Na czele tego korowodu znadowała się duża figura św. Maternusa pieczołowicie i z gracją niesienia przez uczniów z naszego liceum, ubranych w stroje wojskowe. Tuż za nimi maszerowali uczniowie naszych szkół, przedszkolaki, nauczyciele, opiekunowie, mieszkańcy miasta. Wielu z nich przebranych było w barwne, czasem siermiężne stroje, wzorowane na styl średniowieczny. Do korowodu dołączyli także uczniowie Szkoły Podstawowej w Pławnej z dyrektorką Panią Teresą Śliwińską oraz nauczycielkami, a także milusińscy ze Żłobka „Wojtusiowa Kraina” w Wojciechowie. Nie zabrakło też naszych władz samorządowych.

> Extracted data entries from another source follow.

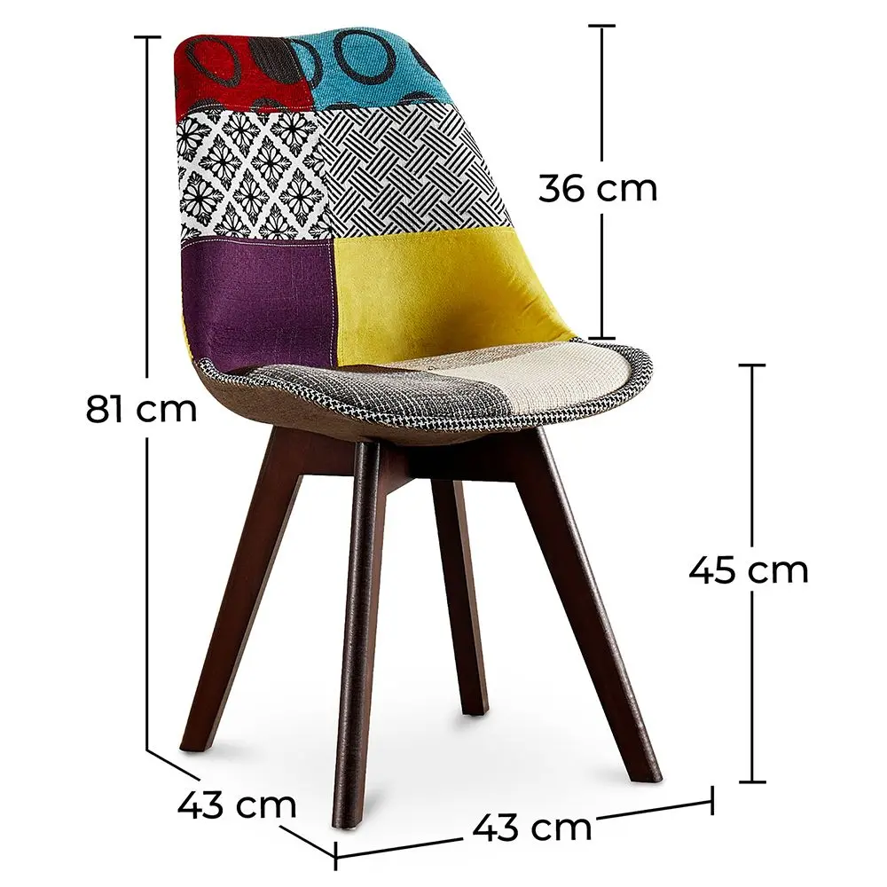 Wenn Sie ein konventionelles Esszimmer haben, möchten Sie vielleicht ein Möbelstück, das extravaganter aussieht, wie dieser gepolsterte Esszimmerstuhl. Der bequeme Stuhl kommt mit einem Patchwork-Design, funkelnden Farben, starken Metallbeinen und einem langlebigen Polstersitz, was ihn zu einem echten Luxus macht. Dieser moderne Esszimmerstuhl ist mit hochwertigem Stoff gepolstert.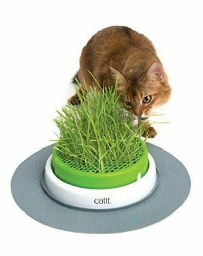 Az új és továbbfejlesztett fűültető mélyebb tállal rendelkezik, amely képes a tökéletes mennyiségű vermikulit befogadására. Emellett további vízelvezető lyukakkal is rendelkezik, amelyek segítenek megakadályozni a túlöntözést. Alacsony és stabil kialakítás, speciális ráccsal borítva a felborulás és az ásás megakadályozása érdekében. A Catit macskafű készlettel (#43162) használható. A macskafű serkenti a macska emésztését és segít megelőzni a szőrlabda-képződést. Egészséges alternatíva a gyakran mérgező szobanövényekre. BPA-mentes anyagokból készült.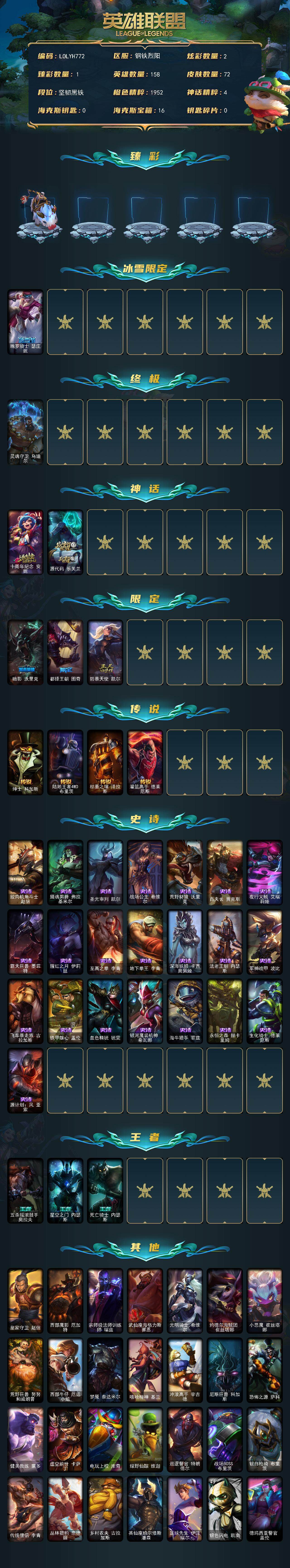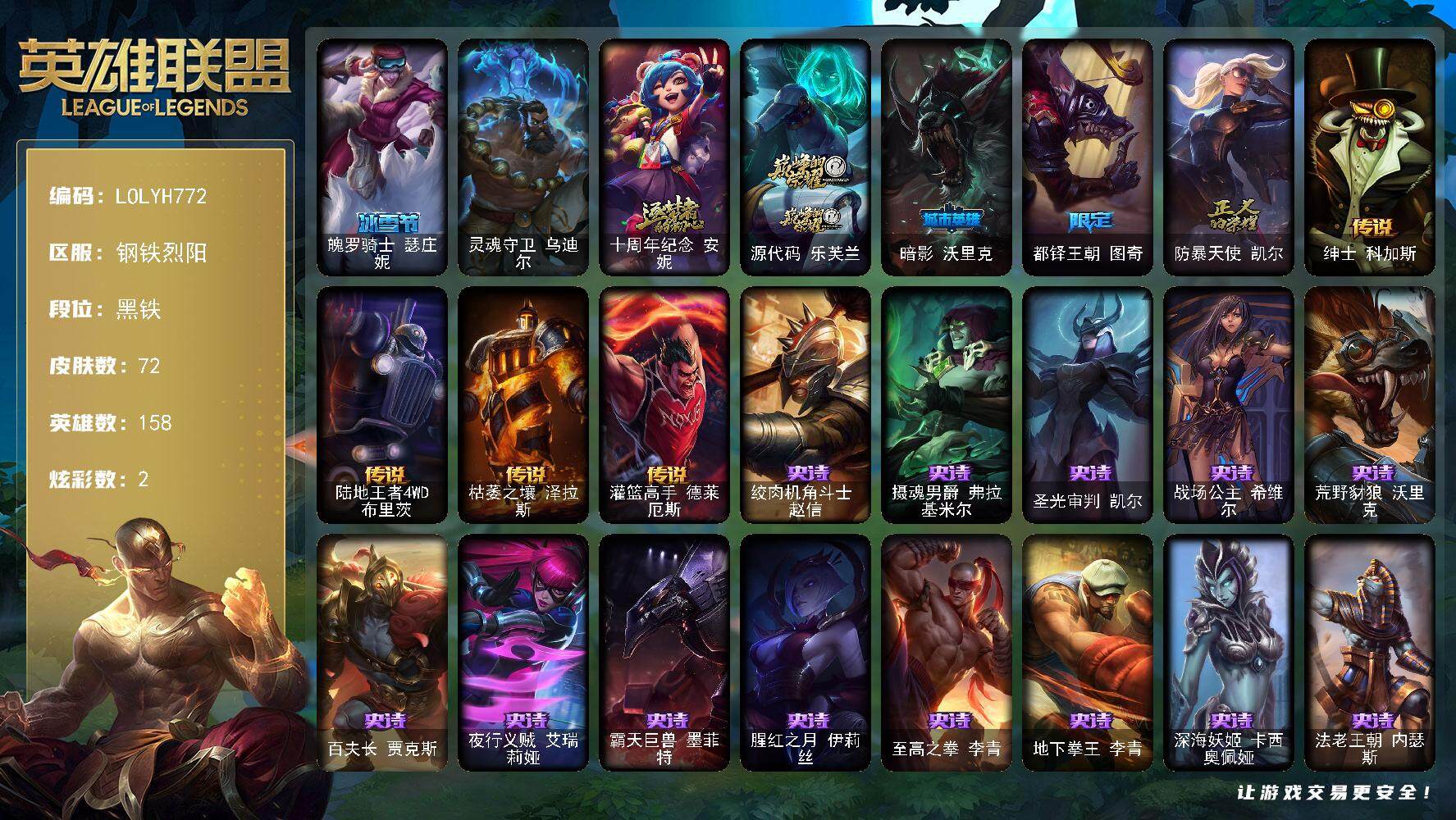 【220335】【LOLYH772】158英雄/72皮肤/1终极/2神话/4限定/1臻彩/2炫彩/4传说/22史诗/黑铁/无畏骑士瑟庄妮赤子初心/魄罗骑士瑟庄妮/灵魂守卫乌迪尔/十周年纪念安妮/源代码乐芙兰/暗影妖狐阿狸/都铎王朝图奇/防暴天使凯尔/绅士科加斯/陆地王者4WD布里茨/枯萎之壤泽拉斯/灌篮高手德莱厄斯/绞肉机角斗士赵信/摄魂男爵费拉基米尔/圣光审判凯尔/战场公主希维尔/荒野豺狼沃里

Korowód zatrzymał się pod ratuszem. Na schodach przy wejściu do urzędu odbyło się przedstawienie poświęcone życiu św. Maternusa, przygotowane przez uczniów szkoły średniej.

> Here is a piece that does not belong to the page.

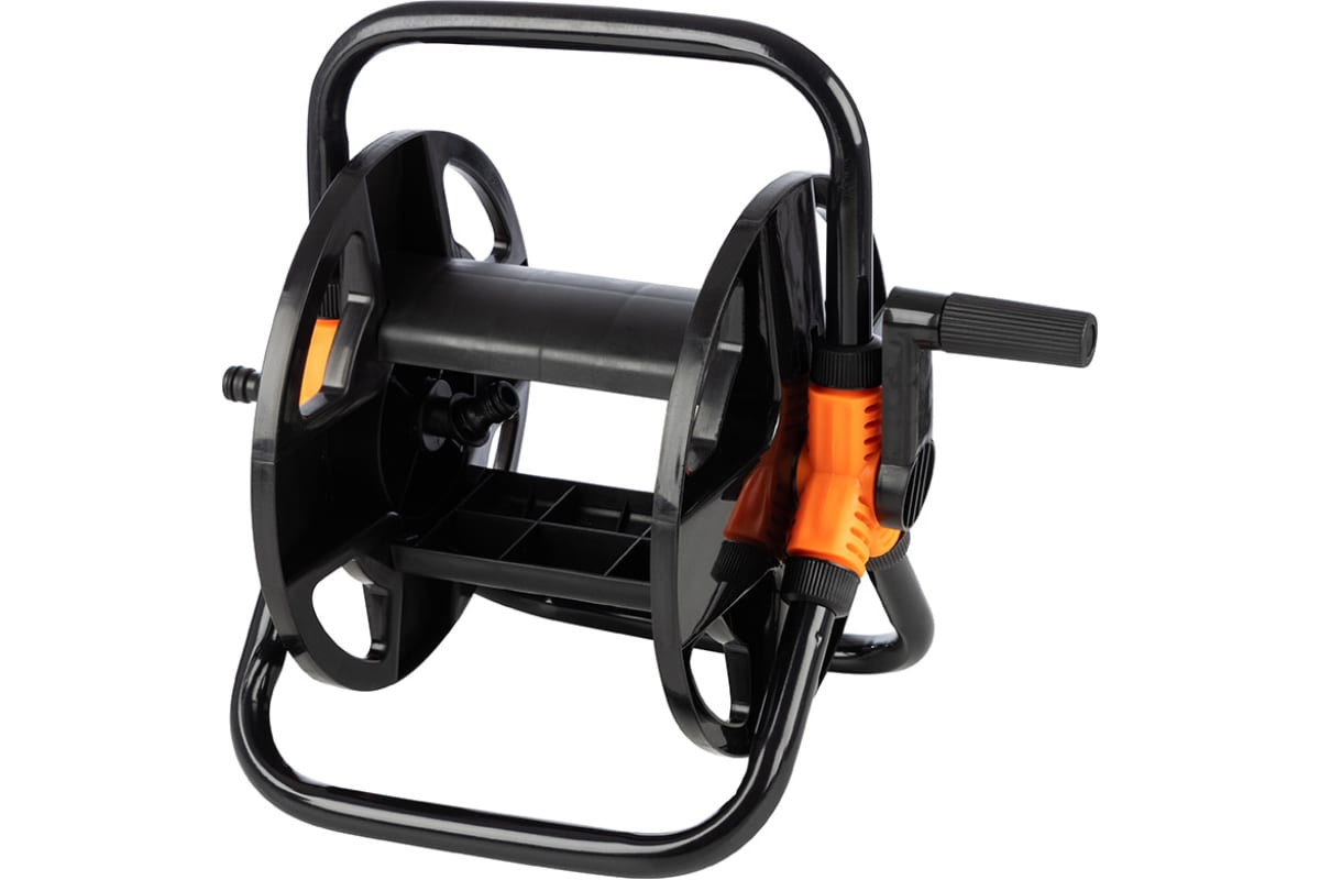 Металлическая конструкция обеспечивает высокую устойчивость катушки для шланга.

Następnie korowód, zajmując długość całego rynku, ruszył w stronę kościoła.
Tutaj odbyła się kolejna część maternusowej uroczystości.

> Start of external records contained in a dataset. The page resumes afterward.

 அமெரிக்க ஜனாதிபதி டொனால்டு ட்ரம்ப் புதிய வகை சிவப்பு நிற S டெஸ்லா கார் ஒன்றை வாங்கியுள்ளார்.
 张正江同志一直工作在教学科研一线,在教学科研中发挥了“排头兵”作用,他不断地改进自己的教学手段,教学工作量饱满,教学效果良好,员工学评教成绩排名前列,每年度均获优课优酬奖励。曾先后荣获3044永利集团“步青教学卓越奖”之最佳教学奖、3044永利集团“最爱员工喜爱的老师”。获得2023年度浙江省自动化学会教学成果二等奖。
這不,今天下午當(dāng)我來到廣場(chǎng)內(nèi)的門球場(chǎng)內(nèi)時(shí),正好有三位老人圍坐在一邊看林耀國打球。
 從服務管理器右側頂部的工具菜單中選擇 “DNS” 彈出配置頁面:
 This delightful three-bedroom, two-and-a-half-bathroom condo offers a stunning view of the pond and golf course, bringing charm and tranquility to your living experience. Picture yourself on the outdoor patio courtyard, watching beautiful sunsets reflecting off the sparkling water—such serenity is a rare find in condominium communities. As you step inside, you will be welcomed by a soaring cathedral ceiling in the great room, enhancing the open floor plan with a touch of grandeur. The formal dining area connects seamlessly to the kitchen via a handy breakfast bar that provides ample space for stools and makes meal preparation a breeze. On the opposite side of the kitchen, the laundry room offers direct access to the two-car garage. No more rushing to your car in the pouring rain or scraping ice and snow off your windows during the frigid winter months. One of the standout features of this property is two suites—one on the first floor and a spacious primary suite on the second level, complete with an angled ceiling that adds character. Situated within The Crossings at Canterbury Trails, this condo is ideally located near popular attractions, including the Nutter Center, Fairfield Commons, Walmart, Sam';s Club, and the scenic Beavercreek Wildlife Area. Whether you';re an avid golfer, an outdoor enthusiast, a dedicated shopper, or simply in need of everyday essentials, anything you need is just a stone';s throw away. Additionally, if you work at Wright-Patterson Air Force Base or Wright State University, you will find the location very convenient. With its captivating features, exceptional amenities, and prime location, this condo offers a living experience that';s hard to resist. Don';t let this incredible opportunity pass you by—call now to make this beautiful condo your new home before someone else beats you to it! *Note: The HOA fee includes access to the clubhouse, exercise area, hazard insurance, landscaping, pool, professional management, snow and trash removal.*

Na placu przykościelnym Burmistrz Pan Marek Chrabąszcz z księdzem Proboszczem Andrzejem Łuczyńskim posadzili kolejny krzew winnej latorośli. Posadzone wcześniej krzewy pięknie rosną, a na wielu z nich widać już zielone i fioletowe grona winogron.
W parku przy kościele rozstawiła się wioska średniowieczna, a w niej oryginalne stanowiska dawnych rzemiosł i zabaw historycznych.
Bardzo ciekawe było stoisko kowala, który z pasją opowiadał o swojej pracy, zachęcał szczególnie młodych widzów do rozdmuchania średniowiecznego miecha, a następnie wspólnego z nim formowania rozżarzonego metalowego pręcika za pomocą młotka. Nie brakowało także chętnych do skosztowania placuszków z mąki wykonywanych tradycyjną metodą, pieczonych na specjalnym dawnym palenisku pilnowanym przez kucharza ubranego w średniowieczny strój. Zainteresowaniem, szczególnie dziewcząt, cieszyło się stoisko tkackie, gdzie można było na dawnych urządzeniach utkać sobie na przykład bransoletkę.
W innym miejscu dzieci mogły popróbować swoich zdolności lepiąc różne rzeczy z gliny.
Na parkowym placu umieszczona została też duża makieta zamku. Zadaniem uczestników zabawy z tym obiektem było trafianie woreczkami w otwory znajdujące się w różnych częściach tej makiety.
Dużo chętnych stanęło do walki na „miecze” ze swoimi koleżankami i kolegami. Choć narzędzia tej walki nie były prawdziwe, to momentami była ona naprawdę zacięta.
Dużą atrakcją było stoisko zorganizowane przez szkołę średnią, gdzie serwowano zupę klasztorną i ciastka maternuski. Zupa przygotowana według receptury średniowiecznej wszystkim bardzo smakowała. Dodatkową atrakcją dla młodzieży był turniej łuczniczy.
Tegoroczne obchody święta patrona naszego miasta były udane. Organizatorom: Stowarzyszeniu „Klasztor Lubomierz”, Lubomierskiemu Centrum Kultury, Parafii św. Maternusa B.M. w Lubomierzu oraz Lubomierskiemu Zespołowi Szkół należą się gromkie brawa i podziękowania za możliwość uczestniczenia w tak oryginalnej i wartościowej imprezie!